Dear Writer Director Letter #113
I’m writing my debut feature screenplay from scratch for the fourth time.
Photos by Iris Azalea.
Dear Writer Director,
I’m writing my debut feature screenplay from scratch for the fourth time. Only this time, I feel like I get to write it on my terms as opposed to inside of this package I designed to fit into “Hollywood”.
The longer I’m in New Orleans, the more the parts of me that were built to satisfy an imagined outside world fall away. The whole side of my personality that was crafted to be “commercial” is alchemizing into something much more me and much more interesting. My Avant-garde roots and my lock picking resilience have returned to me full force. We just nailed down every core member of the team, and it’s me and a producer and cinematographer who are not United States based. I am part of a global Indie filmmaking team. It is official, and it’s so exactly what needed to happen. The American centric way of seeing the world is looking faker than ever before. I can see my American upbringing as something separate from myself now, something I’m capable of discarding.
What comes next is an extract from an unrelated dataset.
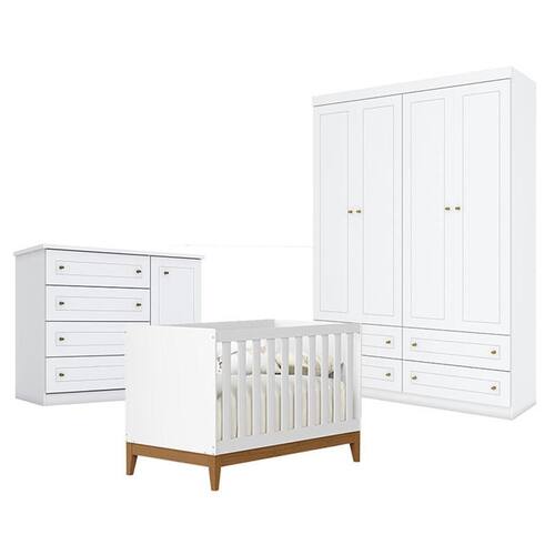 Quarto de Bebê Americano 4 Portas com Berço Americano Flip Branco Acetinado Reller - Henn

I’m writing my debut feature screenplay from scratch for the fourth time. I’ve changed so much since that third page one rewrite a year ago. I feel like a totally different person now. The issues I’ve observed in communication between people have only sharpened and honed and become more abrasive when I encounter them in real life. My script is, at its core, about the humongous struggle it is for Millennials to have a genuine, healthy romantic relationship. Our absolute failure to accept ourselves, our sexuality, and to communicate set us all up hurtling towards disaster every time. My leading character, Rachel Adela and Sam, are two people: one from Chicago and one from Los Angeles who have done very bad things in their respective recent pasts. They have both been “cancelled” in their worlds and find themselves adrift at spiritual sea in The French Quarter at Christmas Time. My DP asked me to name the overarching theme of our story, and without skipping a beat, I said, “The Failure of Communication.” I’ve made a lot of progress on this subject in real life, but the United States and the relations between human beings still feels like a hellscape, so I still have a long way’s to go.
The whole side of my personality that was crafted to be “commercial” is alchemizing into something much more me and much more interesting. There’s a lot of costumes I have had to wear that didn’t feel right: Non-Profit Leader, Producer, Professor. There’s a lot of costumes that, at one time, felt impossible for me to embody: Pop star, Model, Auteur, or Hollywood Screenwriter. Now, I embrace the fact that because I’m coming up through social media and through grass roots ecosystems, there is no one costume I must wear. I am not required to dawn a suit to this job every day. Now I’m Olivia Lilley of the Internet. I am part pop star, performance artist, podcaster, auteur, businesswoman, radical, organizer, probably a future politician. I’m like Marc Maron: I’m whoever the fuck I care to be that day. New Orleans has already taught me so much about how not to assimilate into a carbon copy of anything. The more I am bold and brash and myself here, the more I connect authentically, make sales, and get people hyped for stepping into their own power and owning their Andy Warhol superstar status. I love watching New Orleanians be even more excited to be themselves because I’m around.
I’m writing my debut feature screenplay from scratch for the fourth time, and I’m hyped to do it because I love writing. I haven’t written any screenplay pages since December of 2024, so this afternoon, when I got to work, it was jarring. I felt rusty. I felt out of sorts. I felt like I wish it were a Writer Director essay instead, but then I got into the flow state, and it came. I stripped the first 15 pages down to their core bones events and now it’s only 9. I wrote from my memory of how the story unfolded and also whittled away freely what didn’t feel essential. As I was writing, I realized that I have learned to trust my audiences to get nuances on a whole other level. I let the imagery breathe and the complexities of thought linger in a well-timed glance. I no longer felt a need to overly explain myself or be demonstrative for fear that people wouldn’t get it. People are capable of registering energy, vibes, body language. We’re all fluent in watching the screen, after all. When we don’t have some outside force guiding our meaning making, that’s when we falter.
Dear Writer Director, sometimes it is necessary for you to begin again again. Relish the opportunity. You only get to write and direct your debut feature film once. Sometimes as you’re working, you will feel lost, out of sorts, not good at this, disconnected, in between processing conscious realities, and you have to keep on writing anyway. There are more questions that will arise from the writing which will lead to new answers and new questions and eventually aha’s and clear-cut conclusions that will probably continue to change. That is the process. You must go through it. You must allow yourself to be and feel messy. You must allow yourself to fear that none of it makes any sense. You have to wade through the shit to polish the turd and have it transform into gold like in The Holy Mountain. You have to experience it all because you never know what incredibly bad ass currently unfathomably awesome version of you is waiting for you on the other side of it all. And she’s ready and excited to meet you, so you better get to work.